Biomarkers of multiple sclerosis: current findings.

Publication Date

January 12, 2017

Publication Information

Harris VK, Tuddenham JF, and Sadiq SA. Degenerative Neurological and Neuromuscular Disease. 2017; 7: 19-29.

Multiple sclerosis (MS) is an autoimmune disease affecting the brain and spinal cord that is associated with chronic inflammation leading to demyelination and neurodegeneration.

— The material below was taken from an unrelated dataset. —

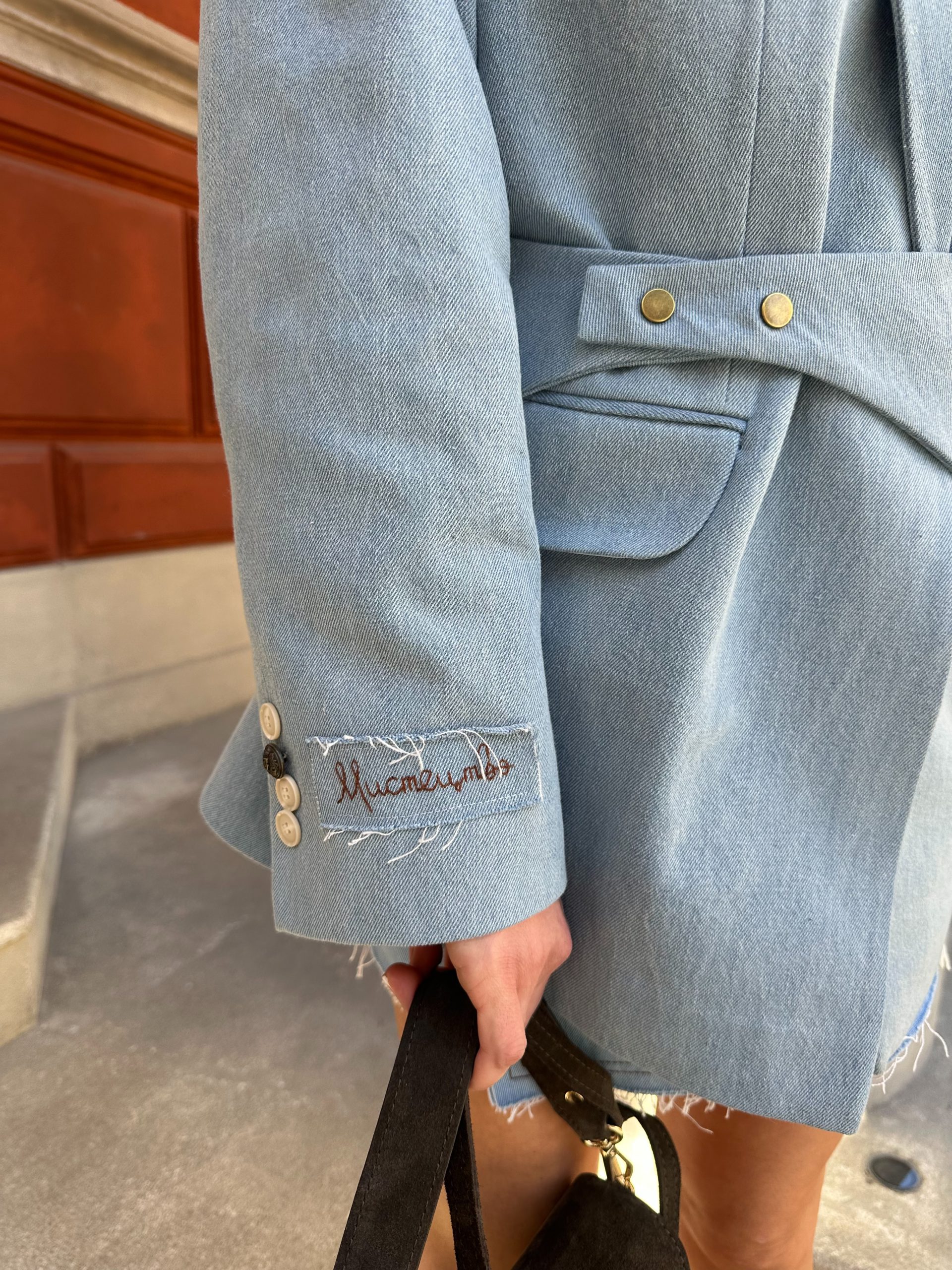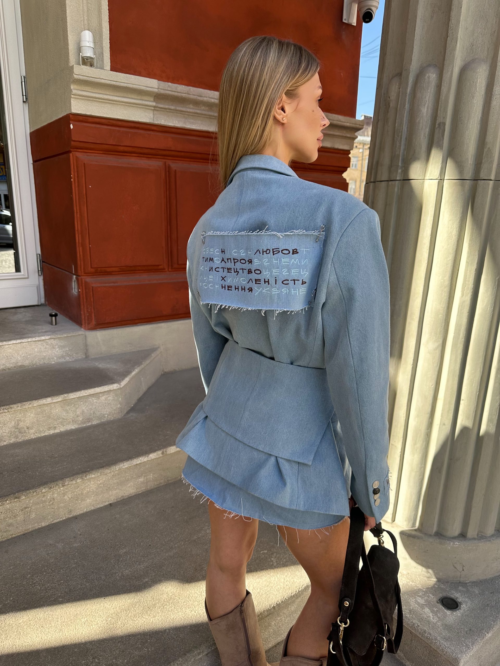Loose-fitting jacket with structured shoulders and accent details. Dense denim that holds its shape and maintains laconic lines. Patch on the sleeve with hand embroidery “Art”.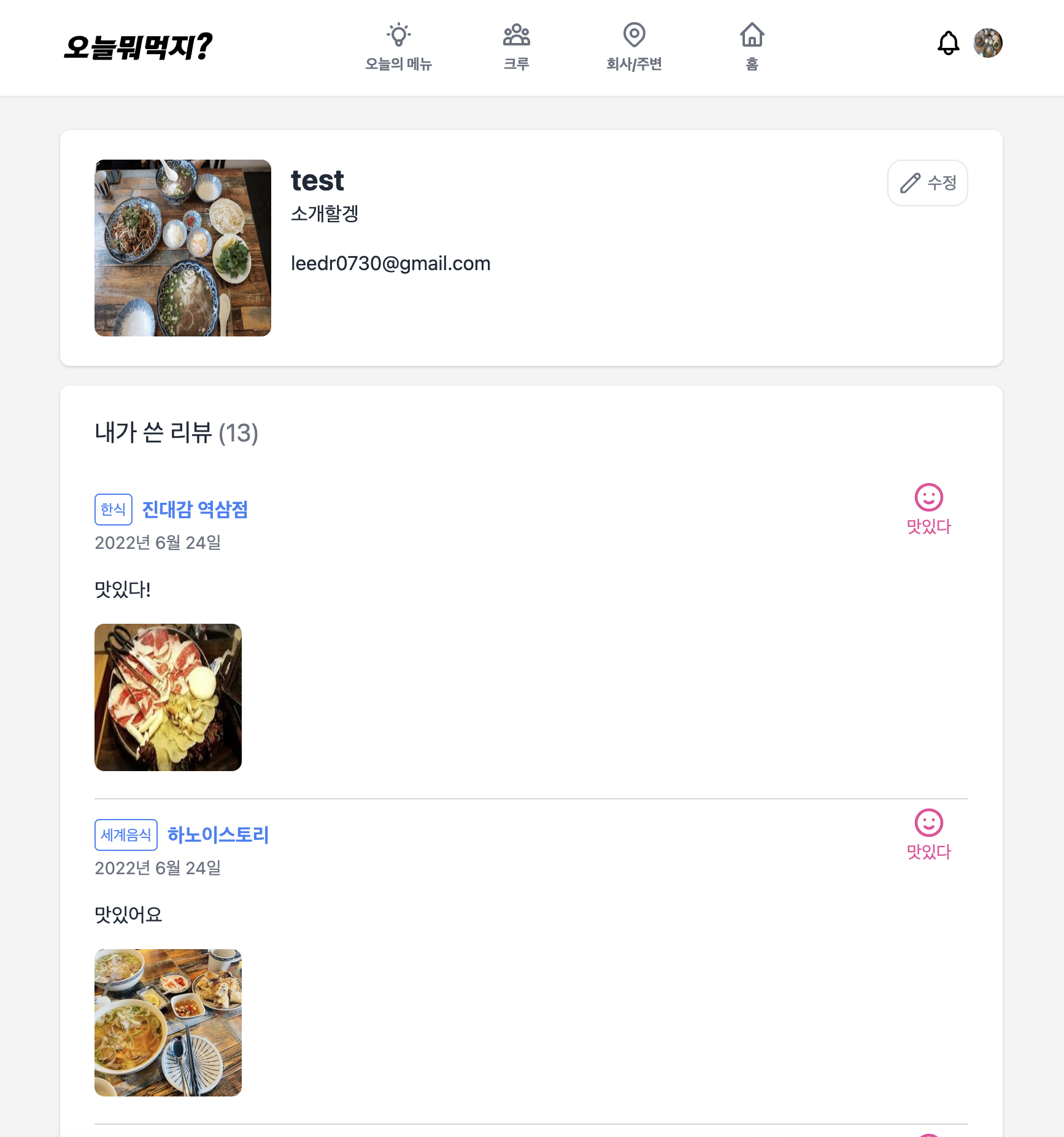 앞으로 식사 리뷰 데이터를 활용한 회사 내 인기 맛집 추천 등 다양한 기능을 계획 중이니 많은 관심 가져주시면 감사하겠습니다:)

With the recent increase in the number of available therapies for MS, optimal treatment will be based on a personalized approach determined by an individual patient’s prognosis and treatment risks. An integral part of such therapeutic decisions will be the use of molecular biomarkers to predict disability progression, monitor ongoing disease activity, and assess treatment response. This review describes current published findings within the past 3 years in biomarker research in MS, specifically highlighting recent advances in the validation of cerebrospinal fluid biomarkers such as neurofilaments (light and heavy chains), chitinases and chitinase 3-like proteins, soluble surface markers of innate immunity, and oligoclonal immunoglobulin M antibodies. Current research in circulating miRNAs as biomarkers of MS is also discussed. Continued validation and testing will be required before MS biomarkers are routinely applied in a clinical setting.